Wednesday, May 5, 2010

Elvis And His Colon

According to a Fox News exclusive published today, Elvis may not have died in 1977 from cardiac arrhythmia, as has been widely reported, but rather, according to Elvis’s attending physician, Dr. George “Nick” Nichopoulos, he possibly died from the effects of chronic constipation. According to the Fox News article,

“After he died we weren’t sure (of the exact cause of death) so I continued to do some research and I had some doctors call me from different places and different med schools that were doing research on constipation and different problems you can get into with it. I just want to get the story straight — it all made sense with the new research that was done,” the now retired Memphis M.D told Pop Tarts. “Dr. Nick” was by Presley’s side for the last twelve years of his life and tried to resuscitate him the day he died. He recently released the book “The King and Dr. Nick” about his time with The King, and his theory on the death that shocked America. “We didn’t realize until the autopsy that his constipation was as bad – we knew it was bad because it was hard for us to treat, but we didn’t realize what it had done," the doctor explains of Elvis’ condition. "We just assumed that the constipation was secondary to the meds that he was taking for his arthritic pain and for his insomnia.”

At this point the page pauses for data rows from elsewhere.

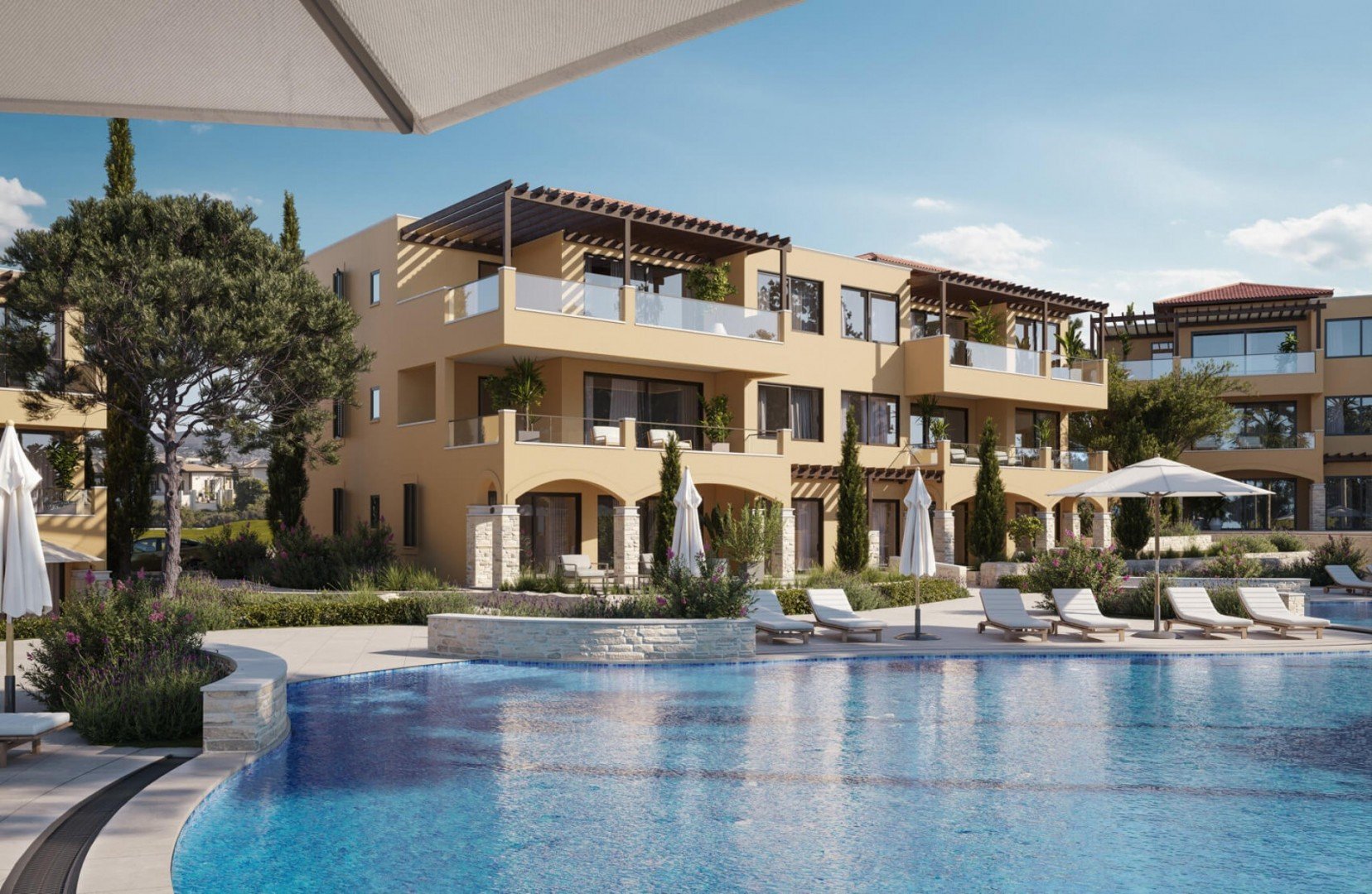 Located in a prime position at the centre of Aphrodite Hills Resort, each apartment block boasts an uncompromising attention to detail that is synonymous to the high-end real estate choices offered at the multi awarded Resort. These beautiful, spacious apartments are set in 3-storey buildings with just 6 homes to each unit and share wonderful views over the large free form communal swimming pool, Golf Academy and to the blue Mediterranean Sea.
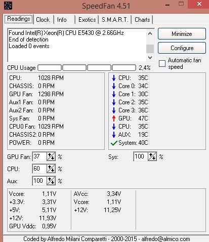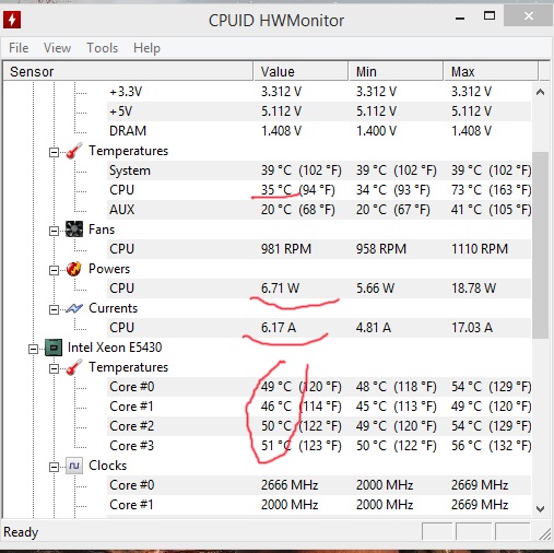 Помогите разобраться с датчиками Где здесь правда? на Speedfan ядра ~35 как и Cpu HWMonitor показывает совсем другое, Cpu 35 ядра 50, так же показывает Rivatuner Что это за ерунда
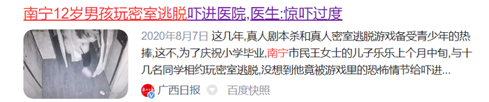 应急管理部消防救援局列举了一些事故案例。今年4月,刘某和几个朋友在广州一家密室逃脱店被“鬼”吓到。游戏过程中,小刘藏在一个小房间里。这时,NPC(非玩家角色)突然闯进门,对着他做一些奇怪的吓人动作。下意识往后逃的小刘直接撞上了铁丝网。小刘的鼻梁、人中部位当即出血,后续还出现晕厥。
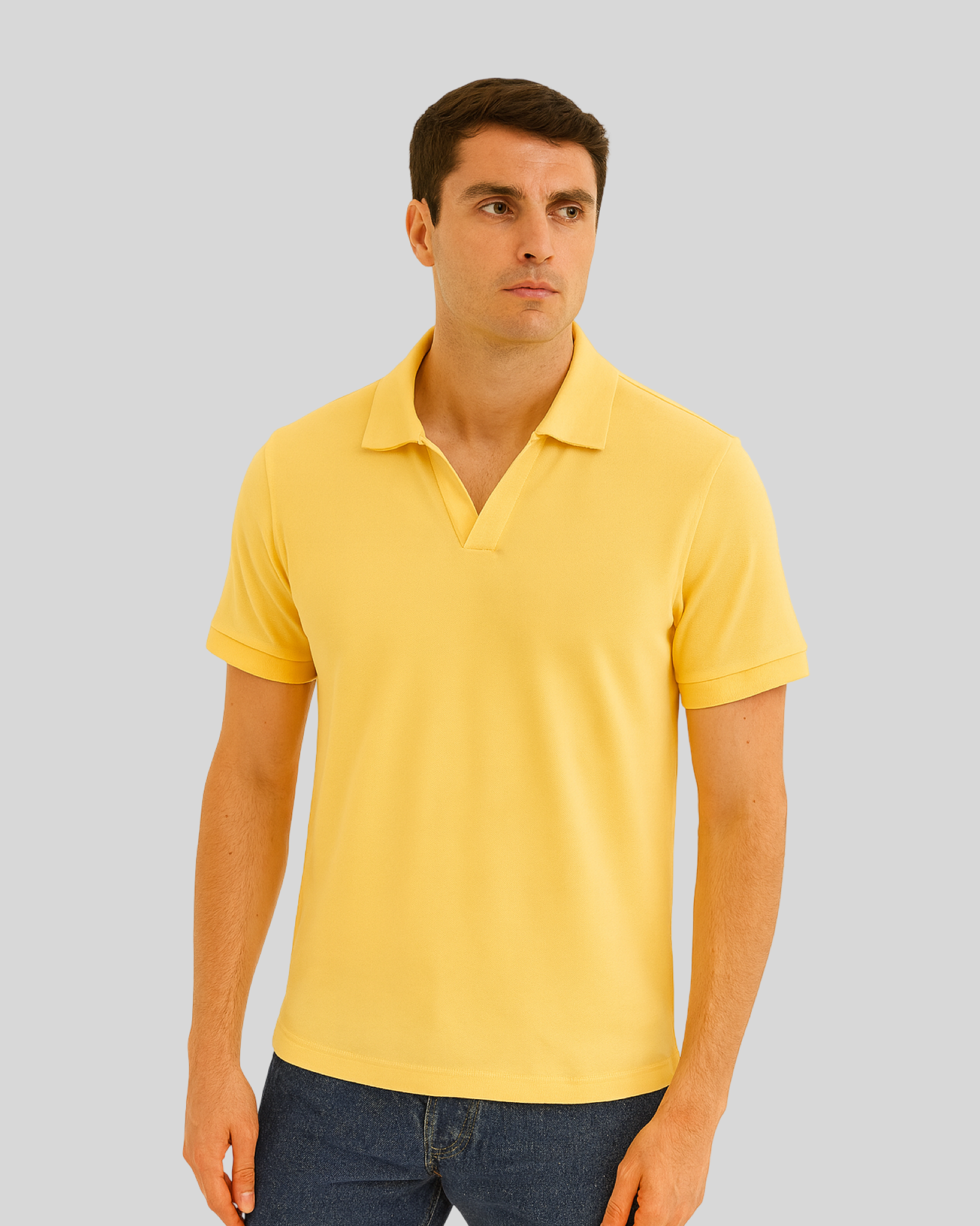- Collar: Classic polo collar with a modern open V-notch placket (no buttons).

Astonishingly, according to Dr. Nichopoulous, the autopsy revealed that Elvis’s colon was 5 to 6 inches in diameter (in contrast to the normal width of 2-3 inches) and instead of being the standard 4 to 5 feet long, his colon was 8-9 feet long.

“The constipation upset him quite a bit because Elvis thought that he could handle almost anything, he thought he was really a man’s man and he wasn’t going to let something like this . . . he thought that this was a sign of weakness and he wasn’t going to be weak,” Nichopoulos said. “And it’s not the kind of thing you table talk. Back in the ‘60s and ‘70s you didn’t talk about constipation much, you didn’t hear people complaining about it, or saying what they did or how much trouble they had with it.”

Actually, the issue of Elvis’s dietary and bathroom habits was explored about twenty years by the enormously unpopular (at least to Elvis fans) Albert Goldman, in his book, Elvis: The Last 24 Hours (1990). Goldman discussed in detail how drug intake would have led to chronic constipation. The full Fox News article is available here.